17 16bit samples Q1 digitizer at failure
Col 1

Data
file
sample

Col 2

A/D
sample
Q1Hi,Q1Lo

Col 3
Data (hex)

Q1Hi Q1Lo

Col 4
Data (dec)
Col 5
Data (hex)
Corrected 

Q1Hi  Q1Lo

Col 6 
Data (dec)
Corrected
0 0,0 FF  FD -3 FF  FD -3
1 1,1 00  0E 14 00  0E 14
2 2,2 FF  FE -2 FF  FE -2
3 3,3 00  02 2 00  02 2
4 4,4 FF  F9 -7 FF  F9 -7
5 5.5 00  02 2 00  02 2
6 *** 6,noQ1Lo
      rdpulse
FF  FF -1 FF FA SKIP FF LO8 -6
7 7,6 FF  FA -6 FF FA -6
8 8,7 FF  FA -6 FF F7 -9
9 9,8 FF  F7 -9 FF ED -19
10 10,9 FF  ED -19 FF FB -5
11 11,10 00  FB 251 00 01 1
12 12,11 00  01  1 00 09 9
13 13,12 FF  09 -247 FF F1 -15
14 14,13 00  F1 241 00 04 4
15 15,14 00  04 4 00 00 0
16 16,15 FF  00 -256 FF XX

What is the problem:

    The problem is that the rdFifo pulse for fifo Q1lo was not long enough to reliably clock the fifo output (we could see this when we put a scope on the pin). When the clock pulse was missed, the computer still read the output databus. The "missed" sample would come out on the next fifo read. The high, low 8 bits would then be out of sync.

When did it first occur.

    Diego has data from feb02 that has the jumps. Data from Apr03 does not have the jumps. So it has been around awhile.

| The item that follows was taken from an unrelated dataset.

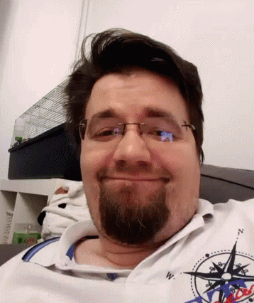 Man with glasses and goatee smiles at the camera, wearing a white polo shirt with a compass design.
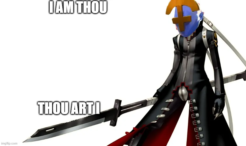 “I am thou, thou art I (ta là ngươi, ngươi là ta)~.” Sabata tự tin nói.

Who else might see this jump??

    When the two bytes (hi,lo) get out of sync,  data that goes from negative (0xff nn ) to positive (0x00 mm) will show jumps. If the voltage levels are small then these jumps will be obvious. If the voltage levels are large, then you won't be able to distinguish these jumps (of order 255) from the actual noise.

    Most aeronomony/sband radar programs will take data continuously for 10 seconds to several minutes. Each new cycle of datataking will clear the fifo (resyncing the hi/lo data if an error has occurred). Since diego took data continuously for hours and he had very low voltage levels, his experiment was more likely then most to show the problem.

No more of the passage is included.